[[ Data provided open ]]
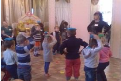
Игровое упражнение «Не урони мешочек»
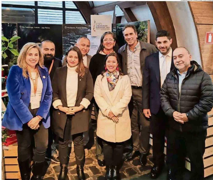
AUTORIDADES REGIONALES Y COMUNALES PARTICIPARON EN EL ENCUENTRO NACIONAL DE GOBERNANZAS QUE FUE LIDERADO POR LA SUBSECRETARIA.

Precisó que se trata de la ruta Ríos, Lagos y Volcanes. "Son parte del corazón de la oferta cuando hacemos promoción internacional. Y sabemos que también es muy relevante para la región la promoción que se haga con Argentina, y también
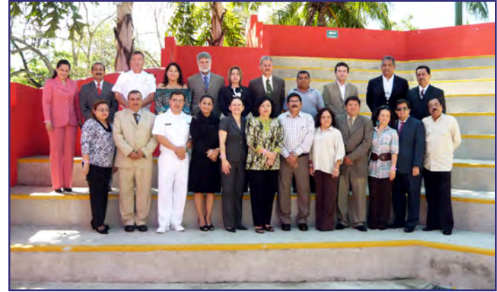
Reunión Anual de Red de Centros de Capacitación Marítimo Portuaria. San Salvador, El Salvador del 1 al 3 de marzo.
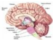
Obrázok č. 7: Štruktúra ľudského mozgu

Ďalšou dôležitou časťou mozgovej kôry je posteriórna oblasť asociácií, ktorá používa informácie získané zo sensorického systému pre vnímanie a jazyk (Du Plessis 2007, s. 43). V hlbšej štruktúre mozgu sa nachádza hipokampus a zaoberá sa aspektmi ukladania do pamäti. V strednom mozgu sa nachádza bazálna uzlina, ktorá pomáha regulovať činnosť motorického systému a limbický systém, ktorý riadi pocity radosti, strachu a bolesti. Niekedy sa nazýva aj „centrum odmeny“ alebo „jašterí“ alebo „plazi“ mozog, pretože ide o primitívnu časť mozgu, ktorá sa vyskytuje u zvierat (aj u plazov). Amygdala je časťou limbického systému a hrá významnú úlohu pri zvládaní úzkostných reakcií človeka (Du Plessis 2007, 43). Hipokampus sa viaže k emocionálnej pamäti a preto si človek emotívne veci zapamätá lepšie. Všetky podnety získané zmyslami z okolia teda prechádzajú dvoma smermi. Jedným je amygdala, ktorá vytvára reakcie na emočnej úrovni a druhým je hipokampus, kde sa odohráva premýšľanie a interpretácia (Du Plessis 2007, s. 67).
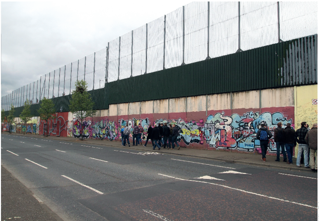
De metershoge scheidingsmuur tussen de beide katholieke en protestantse wijken. Ook het Goede Vrijdag-akkoord laat de politieke toekomst open. Dat kan ook niet anders, omdat de gemeenschappen hierover fundamenteel van mening verschillen
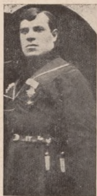
Кіннотич Зaporізького Корпусу от. Болбочана.

Болбочан замість спокійно виждати слухний час і заховати належний в його положенню час, перейшов в атаку на всіх тих, хто мав нещастя в той час репрезентувати Український Уряд. Ні чорнила, ні погрозиливих і образливих слів не шкодував розгніваний отаман у своїх листисних нападах на Петлюру, Осецького, Начальника Штабу Дієвої Армії і Команданта Січового Корпусу. Політичні партії вимагали від Головного Отамана суворого покарання Болбочана, яко виразного і відомого контрреволюціонера, що своїми виступами підірвав престиж Уряду і політичних угруповань. Директорія доручила політичному референту Осадного Корпусу Чайківському пере-
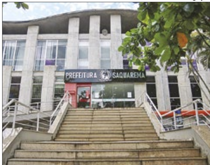
Saquarema acumula a geração de 2.067 empregos
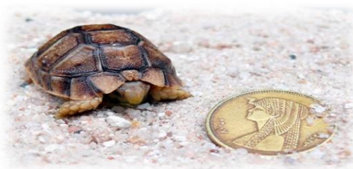
Slika 20. Egipatska čančara

Veličina tijela je 14,4 cm. Malena pustinjska kornjača prepoznatljiva po minijaturnom tijelu. Oklop može biti raznobojan, poput žute, smeđe, zelene ali i izgledom podsjećati na zlatnu. Međutim, boje su blijede kako bi je zaštitile od jakih sunčevih zraka i kamuflirale ih. Glava i udovi također su blijedi. Mužjaci egipatske čančare su manji i izduženiji od ženki, ali imaju veći rep. Partnerstvo i razmnožavanje u divljini zabilježeni su samo u ožujku, dok se u zatočeništvu razmnožava i u drugim mjesecima. Mužjaci se tijekom parenja vrlo glasno glasaju, što nije karakteristično ni za jednu drugu mediteranski kornjaču. Prije parenja mužjak lovi ženku i sudara se u nju. Ženka u pijesak izleže do 5 jaja.
[[ Data provided closed ]]
Required action:
What lines above run from the one with "Precisó que se" to the one with "Obrázok č. 7: Štruktúra ľudského mozgu"? Give them again exactly, ends included, and leave the pictures out.

Solution to this exercise:
Precisó que se trata de la ruta Ríos, Lagos y Volcanes. "Son parte del corazón de la oferta cuando hacemos promoción internacional. Y sabemos que también es muy relevante para la región la promoción que se haga con Argentina, y también
Reunión Anual de Red de Centros de Capacitación Marítimo Portuaria. San Salvador, El Salvador del 1 al 3 de marzo.
Obrázok č. 7: Štruktúra ľudského mozgu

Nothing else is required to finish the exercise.